**Task objective**
Skip any image you find and restate the rest of the data word for word.
──────── Data section ────────
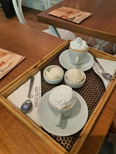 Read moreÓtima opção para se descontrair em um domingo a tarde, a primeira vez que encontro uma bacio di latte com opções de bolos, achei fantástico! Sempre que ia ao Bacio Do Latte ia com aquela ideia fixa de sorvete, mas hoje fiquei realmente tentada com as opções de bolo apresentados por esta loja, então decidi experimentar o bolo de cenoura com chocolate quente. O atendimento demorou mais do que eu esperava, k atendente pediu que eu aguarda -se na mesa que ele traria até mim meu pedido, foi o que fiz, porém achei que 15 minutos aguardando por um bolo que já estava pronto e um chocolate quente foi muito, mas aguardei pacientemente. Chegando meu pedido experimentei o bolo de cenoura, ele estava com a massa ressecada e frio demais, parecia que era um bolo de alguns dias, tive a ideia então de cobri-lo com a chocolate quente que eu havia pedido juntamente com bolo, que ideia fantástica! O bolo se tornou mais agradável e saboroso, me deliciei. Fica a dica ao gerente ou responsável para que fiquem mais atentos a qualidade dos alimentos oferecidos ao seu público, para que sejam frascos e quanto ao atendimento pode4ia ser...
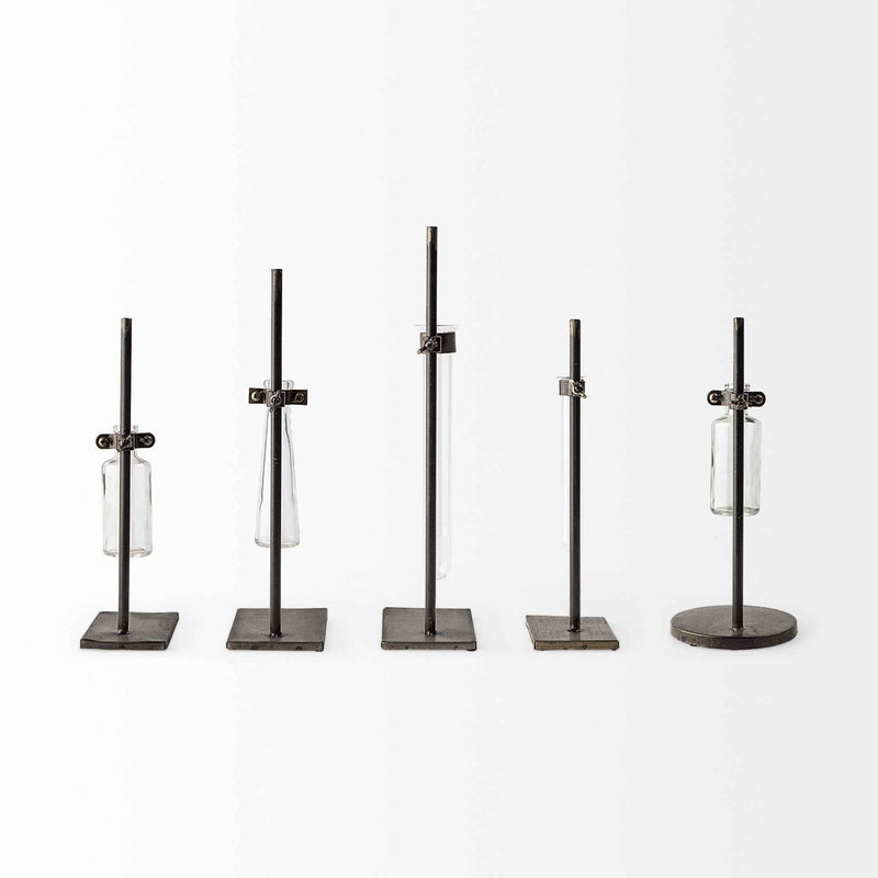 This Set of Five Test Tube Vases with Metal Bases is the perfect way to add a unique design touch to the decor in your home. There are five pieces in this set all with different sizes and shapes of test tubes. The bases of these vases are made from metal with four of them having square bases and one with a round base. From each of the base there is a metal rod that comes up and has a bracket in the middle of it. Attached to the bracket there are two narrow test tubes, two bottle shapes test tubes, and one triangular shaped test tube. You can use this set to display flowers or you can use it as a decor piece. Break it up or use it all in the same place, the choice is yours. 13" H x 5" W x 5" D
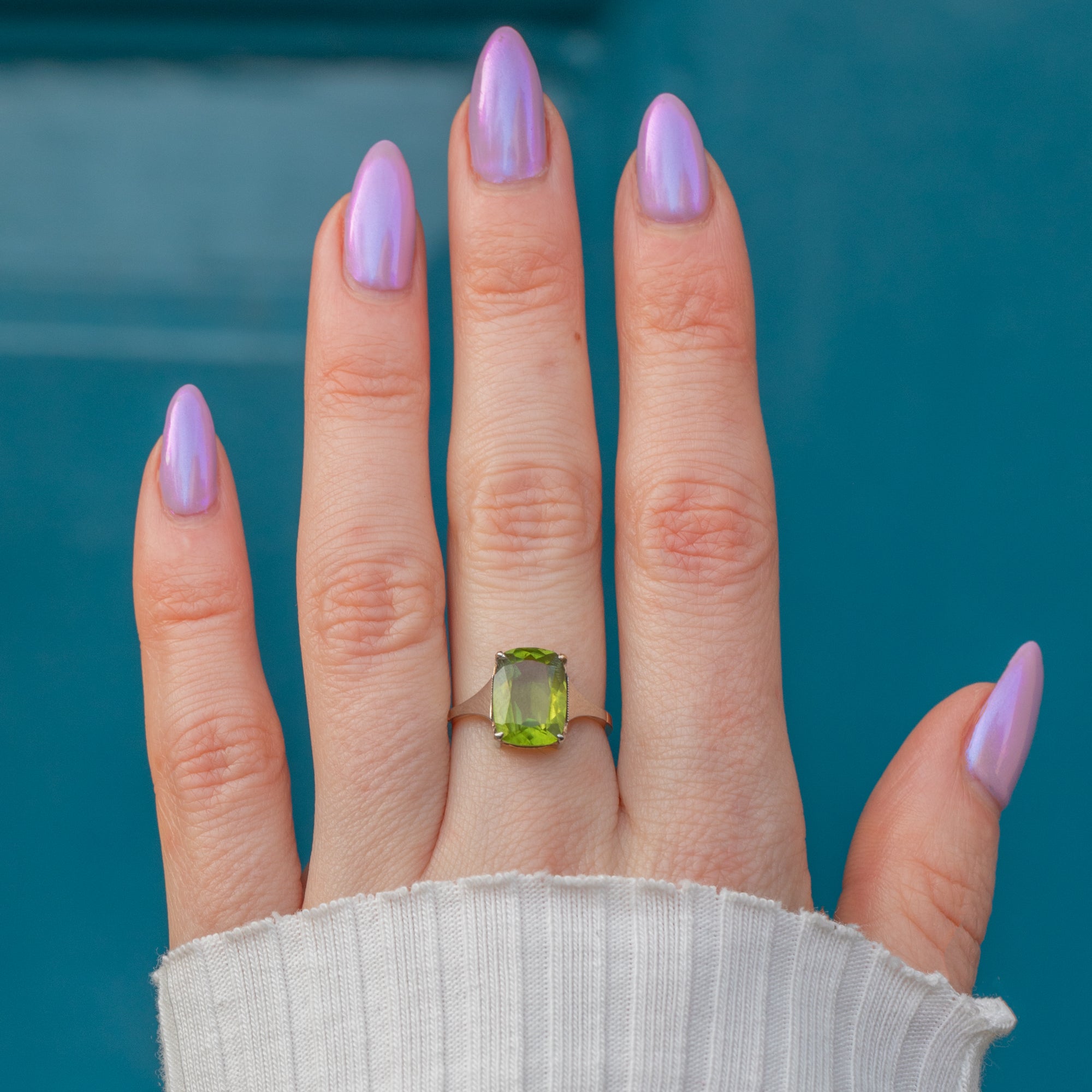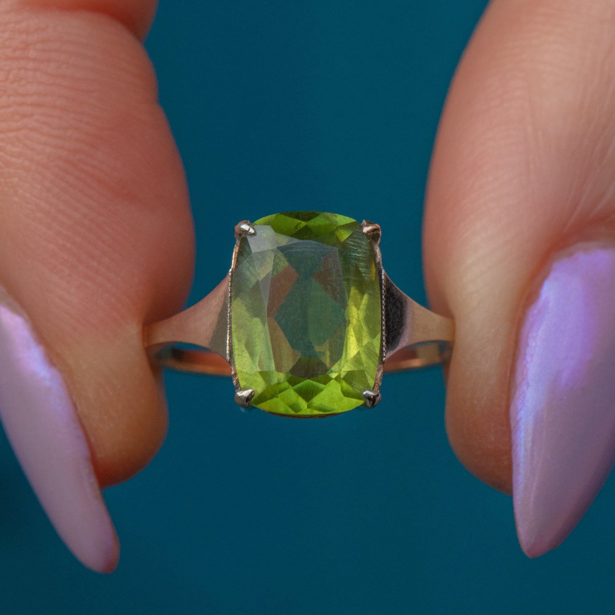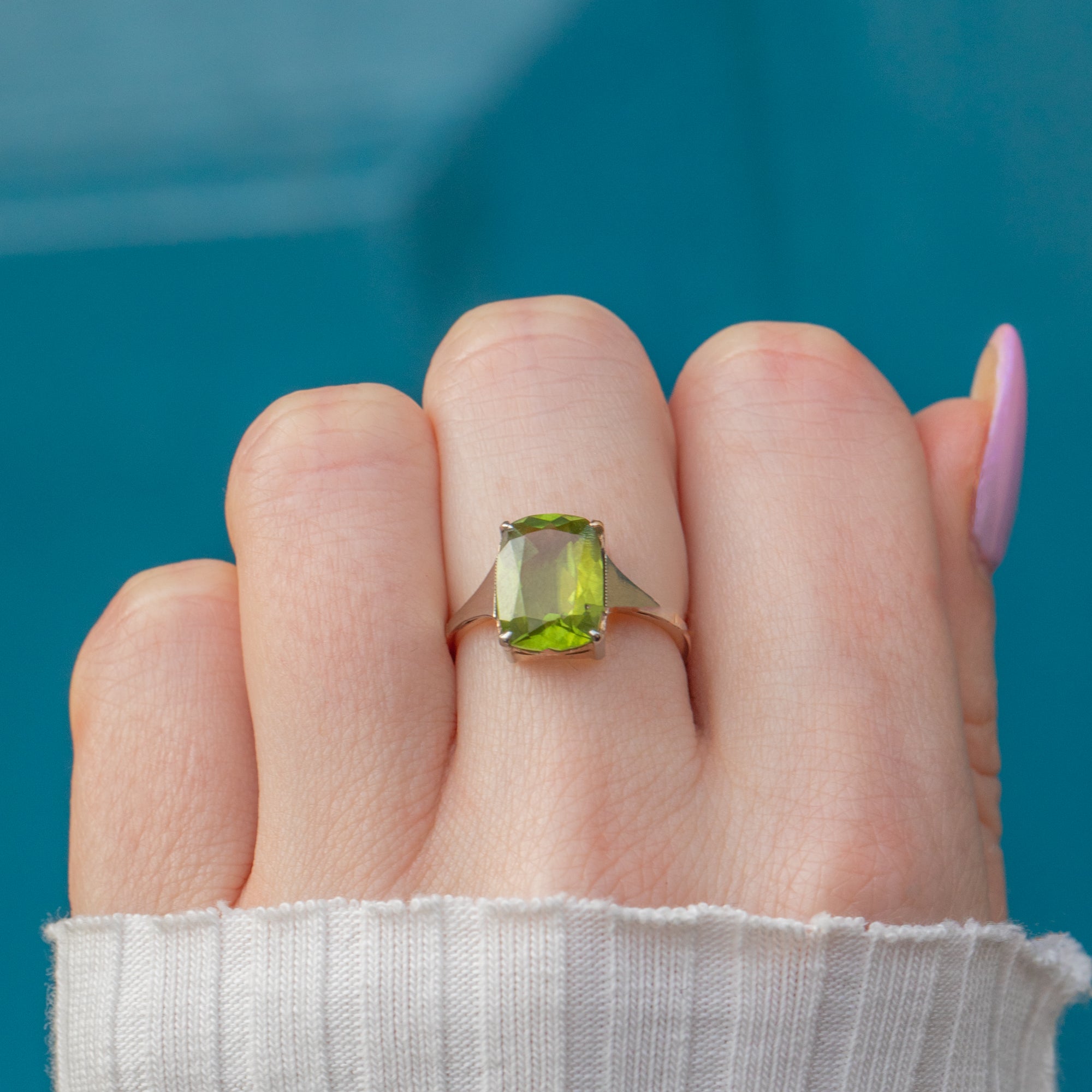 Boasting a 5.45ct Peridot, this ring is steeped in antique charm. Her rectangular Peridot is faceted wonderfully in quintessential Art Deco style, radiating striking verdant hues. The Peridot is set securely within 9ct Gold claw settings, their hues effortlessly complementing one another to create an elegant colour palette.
────────
**Output for this exercise**
 Read moreÓtima opção para se descontrair em um domingo a tarde, a primeira vez que encontro uma bacio di latte com opções de bolos, achei fantástico! Sempre que ia ao Bacio Do Latte ia com aquela ideia fixa de sorvete, mas hoje fiquei realmente tentada com as opções de bolo apresentados por esta loja, então decidi experimentar o bolo de cenoura com chocolate quente. O atendimento demorou mais do que eu esperava, k atendente pediu que eu aguarda -se na mesa que ele traria até mim meu pedido, foi o que fiz, porém achei que 15 minutos aguardando por um bolo que já estava pronto e um chocolate quente foi muito, mas aguardei pacientemente. Chegando meu pedido experimentei o bolo de cenoura, ele estava com a massa ressecada e frio demais, parecia que era um bolo de alguns dias, tive a ideia então de cobri-lo com a chocolate quente que eu havia pedido juntamente com bolo, que ideia fantástica! O bolo se tornou mais agradável e saboroso, me deliciei. Fica a dica ao gerente ou responsável para que fiquem mais atentos a qualidade dos alimentos oferecidos ao seu público, para que sejam frascos e quanto ao atendimento pode4ia ser...
 This Set of Five Test Tube Vases with Metal Bases is the perfect way to add a unique design touch to the decor in your home. There are five pieces in this set all with different sizes and shapes of test tubes. The bases of these vases are made from metal with four of them having square bases and one with a round base. From each of the base there is a metal rod that comes up and has a bracket in the middle of it. Attached to the bracket there are two narrow test tubes, two bottle shapes test tubes, and one triangular shaped test tube. You can use this set to display flowers or you can use it as a decor piece. Break it up or use it all in the same place, the choice is yours. 13" H x 5" W x 5" D
 Boasting a 5.45ct Peridot, this ring is steeped in antique charm. Her rectangular Peridot is faceted wonderfully in quintessential Art Deco style, radiating striking verdant hues. The Peridot is set securely within 9ct Gold claw settings, their hues effortlessly complementing one another to create an elegant colour palette.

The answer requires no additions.